AUSTIN, Texas (Reuters) – Liberty Media-owned Formula One and the Walt Disney Company announced an extension of their broadcast partnership on Saturday, keeping the game on ESPN networks in america until 2025.
The brand new three-year agreement includes expanded direct-to-consumer rights, with details yet to be announced, and more races than before shown on ESPN and ABC with coverage provided by Sky Sports television.
ESPN has had the printed rights since 2018, when it took over from NBC Sports, and audiences have grown strongly because the sport takes off in america and reaches a latest and younger audience.
Las Vegas will debut next yr as a 3rd U.S. race after Austin, which hosts Sunday’s U.S. Grand Prix on the Circuit of the Americas, and Miami.

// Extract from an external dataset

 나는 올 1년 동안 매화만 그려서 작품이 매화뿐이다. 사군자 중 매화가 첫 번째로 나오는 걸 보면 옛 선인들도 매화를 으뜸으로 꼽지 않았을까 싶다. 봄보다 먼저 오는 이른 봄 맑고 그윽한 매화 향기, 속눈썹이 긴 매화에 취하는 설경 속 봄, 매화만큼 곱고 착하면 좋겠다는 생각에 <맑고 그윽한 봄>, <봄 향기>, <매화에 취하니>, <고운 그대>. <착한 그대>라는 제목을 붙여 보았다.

Last yr was the most-viewed season ever on U.S. television with a mean 949,000 viewers per race, in response to Formula One. That has increased to a mean 1.2 million after 18 of twenty-two races in 2022.

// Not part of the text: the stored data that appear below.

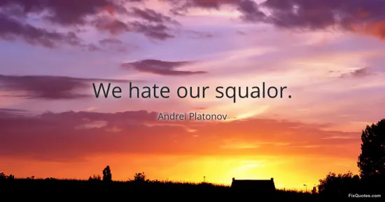A four-word confession that doubles as an indictment. Platonov’s "We hate our squalor" lands with the bleak compression of someone who has watched ideals curdle into daily grime. The "we" matters: it’s collective, implicating both the sufferers and the system that trained them to internalize failure as a shared moral mood. Hate isn’t directed upward, at the planners or the bosses, but inward, at the conditions of life as lived - and, by extension, at the selves forced to live them.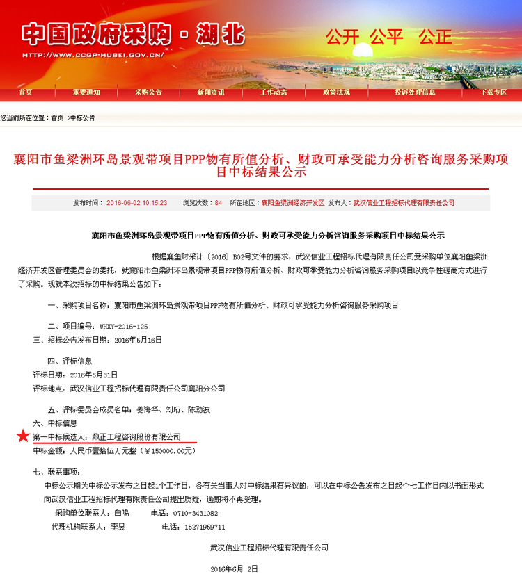 【经营成果】我司中标襄阳市鱼梁洲环岛景观带项目PPP物有所值分析、财政可承受能力分析咨询服务采购项目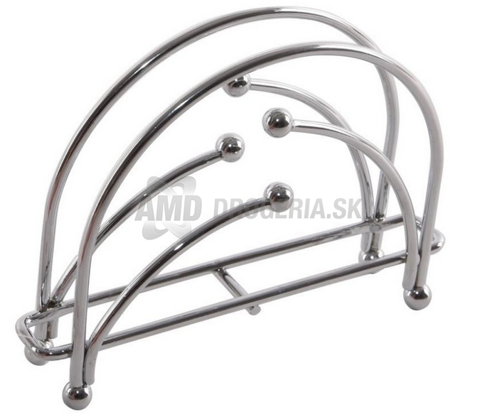 Stojan je vyrobený z kvalitného kovového drôtu s chrómovou povrchovou úpravou, ktorá zabezpečuje jeho odolnosť a dlhú životnosť. Vďaka stabilnej konštrukcii spoľahlivo drží obrúsky na mieste a zároveň pôsobí ako vkusný interiérový doplnok.

The inaugural Miami Grand Prix broadcast on ABC television this yr generated a mean viewership of two.6 million, the most important U.S. audience ever for a live Formula One race.
Next season is scheduled to have a record 24 races
“We’re delighted to announce that our partnership with ESPN will proceed,” said Formula One chief executive Stefano Domenicali in a press release.
“Formula One has seen incredible growth in america with sold-out events and record television audiences… The ESPN networks have played an enormous part in that growth with their dedicated quality coverage.”